Information shown START
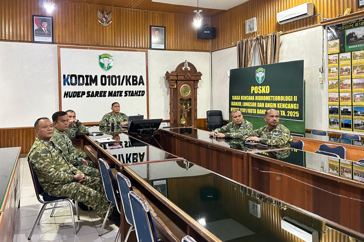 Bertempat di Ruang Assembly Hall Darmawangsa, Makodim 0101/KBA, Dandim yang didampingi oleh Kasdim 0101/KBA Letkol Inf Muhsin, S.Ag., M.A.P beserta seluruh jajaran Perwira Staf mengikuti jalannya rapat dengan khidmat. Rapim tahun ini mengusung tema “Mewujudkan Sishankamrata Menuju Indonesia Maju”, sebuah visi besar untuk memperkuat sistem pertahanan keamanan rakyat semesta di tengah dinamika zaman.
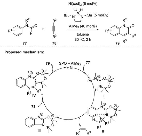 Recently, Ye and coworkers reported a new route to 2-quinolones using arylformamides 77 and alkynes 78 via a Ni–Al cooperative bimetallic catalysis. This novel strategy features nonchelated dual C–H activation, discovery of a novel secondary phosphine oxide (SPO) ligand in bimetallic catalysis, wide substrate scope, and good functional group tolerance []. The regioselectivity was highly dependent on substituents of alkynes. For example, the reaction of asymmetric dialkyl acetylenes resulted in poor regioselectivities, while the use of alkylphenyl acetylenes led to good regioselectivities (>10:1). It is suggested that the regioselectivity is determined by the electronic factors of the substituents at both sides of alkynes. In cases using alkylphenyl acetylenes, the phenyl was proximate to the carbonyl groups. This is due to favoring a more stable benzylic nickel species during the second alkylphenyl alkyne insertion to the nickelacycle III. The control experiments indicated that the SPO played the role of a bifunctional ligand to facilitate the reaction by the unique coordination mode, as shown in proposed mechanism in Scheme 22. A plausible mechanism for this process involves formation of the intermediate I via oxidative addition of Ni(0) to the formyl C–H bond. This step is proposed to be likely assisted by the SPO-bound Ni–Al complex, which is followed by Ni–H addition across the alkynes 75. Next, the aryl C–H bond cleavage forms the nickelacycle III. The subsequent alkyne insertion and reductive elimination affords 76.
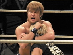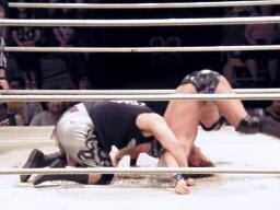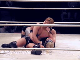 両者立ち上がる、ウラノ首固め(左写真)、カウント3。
Information shown END
→ **What is expected**:
Nothing but the lines from the line containing "Recently, Ye and" through the end of the data, both ends included, is to be reproduced, exactly as written and without the pictures.

→ **Exercise answer**:
 Recently, Ye and coworkers reported a new route to 2-quinolones using arylformamides 77 and alkynes 78 via a Ni–Al cooperative bimetallic catalysis. This novel strategy features nonchelated dual C–H activation, discovery of a novel secondary phosphine oxide (SPO) ligand in bimetallic catalysis, wide substrate scope, and good functional group tolerance []. The regioselectivity was highly dependent on substituents of alkynes. For example, the reaction of asymmetric dialkyl acetylenes resulted in poor regioselectivities, while the use of alkylphenyl acetylenes led to good regioselectivities (>10:1). It is suggested that the regioselectivity is determined by the electronic factors of the substituents at both sides of alkynes. In cases using alkylphenyl acetylenes, the phenyl was proximate to the carbonyl groups. This is due to favoring a more stable benzylic nickel species during the second alkylphenyl alkyne insertion to the nickelacycle III. The control experiments indicated that the SPO played the role of a bifunctional ligand to facilitate the reaction by the unique coordination mode, as shown in proposed mechanism in Scheme 22. A plausible mechanism for this process involves formation of the intermediate I via oxidative addition of Ni(0) to the formyl C–H bond. This step is proposed to be likely assisted by the SPO-bound Ni–Al complex, which is followed by Ni–H addition across the alkynes 75. Next, the aryl C–H bond cleavage forms the nickelacycle III. The subsequent alkyne insertion and reductive elimination affords 76.
 両者立ち上がる、ウラノ首固め(左写真)、カウント3。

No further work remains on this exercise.